PDA

View Full Version : Small python script request



Free Thinker
April 29th, 2009, 02:12 PM
I've only just started learning python and was wondering whether someone could help me with my first program, by writing a short script that can find and remove all punctuation, spaces, indentations, capitalisation etc from a text file and produce a new one with every word printed on an individual line in lowercase.

This could be a nice little (I think it would be a short script) project for someone still learning python (but further ahead than me), while also providing me with a script to learn from and use.

ghostdog74
April 29th, 2009, 03:17 PM
so what have you tried?

grepgav
April 29th, 2009, 03:58 PM
This sounds kinda like a homework assignment.

What kind of functions do you think would be useful for getting this done?

simeon87
April 29th, 2009, 04:14 PM
http://ubuntuforums.org/showpost.php?p=7159208&postcount=16

"I needed ..."? Are you sure it's a a goal you've set for yourself? We're not going to do homework.

Free Thinker
April 29th, 2009, 04:47 PM
Computing wasn't even an option at my college. I'm learning this myself using thenewboston's tutorials on youtube...

This thread can be deleted.

grepgav
April 29th, 2009, 06:14 PM
Well you could attack that a couple of ways. If you were doing it in standard c style, you could just iterate over each character and load the correct chars into a buffer.

If you want to learn about python libraries however, check out
http://www.python.org/doc/2.3/lib/module-string.html

Functions such as strip and lower are a place to start, but experiment with them a little bit to see what result you can get.

raydeen
April 29th, 2009, 06:29 PM
I'd bet use of the .split function/method along with .lower would make it criminally easy. And then just checking to see if the ascii values are between a and z would strip out the punctuation. I'm just starting to get my feet wet in Python.

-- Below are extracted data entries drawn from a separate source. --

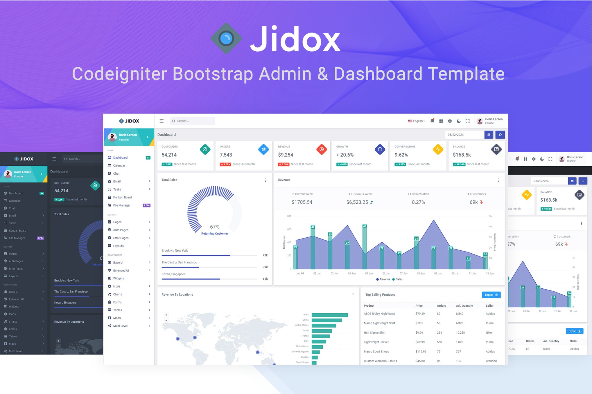 Jidox is a versatile admin dashboard template designed with Bootstrap CSS v5.2.3 and Codeigniter. This premium template offers a range of UI elements, components, widgets, and pre-built pages perfect for creating web applications efficiently. With three layout options, including light and dark mode support, Jidox caters to modern web application needs. Featuring over 150 pages, 500+ UI components, 50+ charts, and various apps like Calendar, Chat, and File Manager, Jidox is a comprehensive solution for developers seeking a responsive admin dashboard. Its stylish design, multiple layout choices, and rich features make it an ideal starting point for any project.
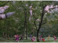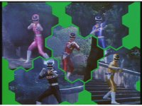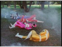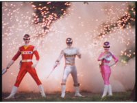 Red, Silver, & Pink turn around slowly and pose as Preying Mantis falls and explodes. |
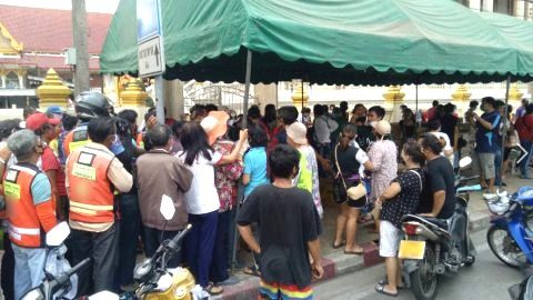 คนเนืองแน่น! บริเวณหน้าวัดดอนเมือง มีการแจกข้าวสารอาหารแห้ง มีคนจำนวนมาก การจราจรติดขัด
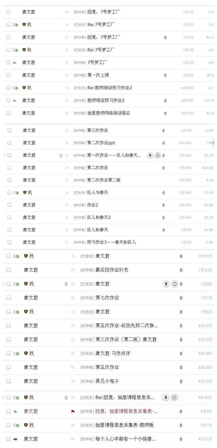 1、2015年3月至9月,和唐文君老师33封邮件往来。教培期间,唐文君老师6次高分精品作业+3次绘本精读分享,荣获教师培训奖学金1000元人民币。

Edit: Shoot. grepav beat me to it.

Reiger
April 29th, 2009, 06:40 PM
Well last time I looked even English contains non ASCII characters. Matching punctuation is probably best done by actually matching punctuation and not trying to use a blanket match case which is bound to fail in just about every language. Much easier and reliable to just split around punctuation/whitespace.

raydeen
April 29th, 2009, 07:03 PM
Well last time I looked even English contains non ASCII characters. Matching punctuation is probably best done by actually matching punctuation and not trying to use a blanket match case which is bound to fail in just about every language. Much easier and reliable to just split around punctuation/whitespace.

Right. I just meant checking to see if the character in question was in the value range between lowercase 'a' and lowercase 'z' and then throwing it out if it wasn't. I think the OP said something about stripping out punctuation.

I'm a noob so I might still be missing your point.

ibuclaw
April 29th, 2009, 08:32 PM
Have a look at the regular expression page. http://docs.python.org/library/re.html

The function you should be looking at is re.split()

ie:


import re;
mystring = "Hello, World";
re.split('\W+', mystring);


That should push you in the right direction.

Regards
Iain